TASK DETAILS - The whole listing below is to be returned without alteration.

SUPPLIED MATERIAL -

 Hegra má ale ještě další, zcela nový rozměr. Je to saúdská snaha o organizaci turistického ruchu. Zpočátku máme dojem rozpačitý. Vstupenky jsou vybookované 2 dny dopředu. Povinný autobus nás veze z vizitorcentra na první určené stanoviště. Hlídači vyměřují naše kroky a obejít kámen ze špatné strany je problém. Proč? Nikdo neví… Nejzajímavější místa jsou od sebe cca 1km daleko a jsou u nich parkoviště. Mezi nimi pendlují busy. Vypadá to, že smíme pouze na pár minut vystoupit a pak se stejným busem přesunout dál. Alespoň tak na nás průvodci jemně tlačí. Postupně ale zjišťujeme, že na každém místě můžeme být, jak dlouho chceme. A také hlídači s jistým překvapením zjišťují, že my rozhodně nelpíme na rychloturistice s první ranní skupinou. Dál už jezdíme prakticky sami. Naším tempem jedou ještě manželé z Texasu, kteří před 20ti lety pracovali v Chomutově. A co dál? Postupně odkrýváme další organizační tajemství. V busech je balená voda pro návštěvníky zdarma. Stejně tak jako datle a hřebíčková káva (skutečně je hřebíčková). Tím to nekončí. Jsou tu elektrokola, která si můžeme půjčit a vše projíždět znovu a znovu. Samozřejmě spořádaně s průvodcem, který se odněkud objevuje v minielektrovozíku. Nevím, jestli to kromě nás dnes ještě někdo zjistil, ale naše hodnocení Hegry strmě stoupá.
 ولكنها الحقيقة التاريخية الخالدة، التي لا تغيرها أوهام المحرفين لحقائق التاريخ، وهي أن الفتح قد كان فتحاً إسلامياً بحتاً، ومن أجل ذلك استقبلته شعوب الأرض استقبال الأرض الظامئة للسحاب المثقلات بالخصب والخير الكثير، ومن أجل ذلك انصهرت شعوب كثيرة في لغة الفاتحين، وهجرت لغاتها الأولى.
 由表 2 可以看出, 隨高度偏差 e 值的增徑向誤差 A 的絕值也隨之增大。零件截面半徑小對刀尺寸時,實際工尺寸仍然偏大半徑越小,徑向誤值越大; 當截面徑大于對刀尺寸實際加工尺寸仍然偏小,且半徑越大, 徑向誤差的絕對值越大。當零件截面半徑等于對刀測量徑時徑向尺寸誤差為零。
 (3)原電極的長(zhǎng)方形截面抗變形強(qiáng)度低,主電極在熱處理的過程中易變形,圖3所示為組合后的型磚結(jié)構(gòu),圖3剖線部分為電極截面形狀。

EXERCISE SOLUTION -
 Hegra má ale ještě další, zcela nový rozměr. Je to saúdská snaha o organizaci turistického ruchu. Zpočátku máme dojem rozpačitý. Vstupenky jsou vybookované 2 dny dopředu. Povinný autobus nás veze z vizitorcentra na první určené stanoviště. Hlídači vyměřují naše kroky a obejít kámen ze špatné strany je problém. Proč? Nikdo neví… Nejzajímavější místa jsou od sebe cca 1km daleko a jsou u nich parkoviště. Mezi nimi pendlují busy. Vypadá to, že smíme pouze na pár minut vystoupit a pak se stejným busem přesunout dál. Alespoň tak na nás průvodci jemně tlačí. Postupně ale zjišťujeme, že na každém místě můžeme být, jak dlouho chceme. A také hlídači s jistým překvapením zjišťují, že my rozhodně nelpíme na rychloturistice s první ranní skupinou. Dál už jezdíme prakticky sami. Naším tempem jedou ještě manželé z Texasu, kteří před 20ti lety pracovali v Chomutově. A co dál? Postupně odkrýváme další organizační tajemství. V busech je balená voda pro návštěvníky zdarma. Stejně tak jako datle a hřebíčková káva (skutečně je hřebíčková). Tím to nekončí. Jsou tu elektrokola, která si můžeme půjčit a vše projíždět znovu a znovu. Samozřejmě spořádaně s průvodcem, který se odněkud objevuje v minielektrovozíku. Nevím, jestli to kromě nás dnes ještě někdo zjistil, ale naše hodnocení Hegry strmě stoupá.
 ولكنها الحقيقة التاريخية الخالدة، التي لا تغيرها أوهام المحرفين لحقائق التاريخ، وهي أن الفتح قد كان فتحاً إسلامياً بحتاً، ومن أجل ذلك استقبلته شعوب الأرض استقبال الأرض الظامئة للسحاب المثقلات بالخصب والخير الكثير، ومن أجل ذلك انصهرت شعوب كثيرة في لغة الفاتحين، وهجرت لغاتها الأولى.
 由表 2 可以看出, 隨高度偏差 e 值的增徑向誤差 A 的絕值也隨之增大。零件截面半徑小對刀尺寸時,實際工尺寸仍然偏大半徑越小,徑向誤值越大; 當截面徑大于對刀尺寸實際加工尺寸仍然偏小,且半徑越大, 徑向誤差的絕對值越大。當零件截面半徑等于對刀測量徑時徑向尺寸誤差為零。
 (3)原電極的長(zhǎng)方形截面抗變形強(qiáng)度低,主電極在熱處理的過程中易變形,圖3所示為組合后的型磚結(jié)構(gòu),圖3剖線部分為電極截面形狀。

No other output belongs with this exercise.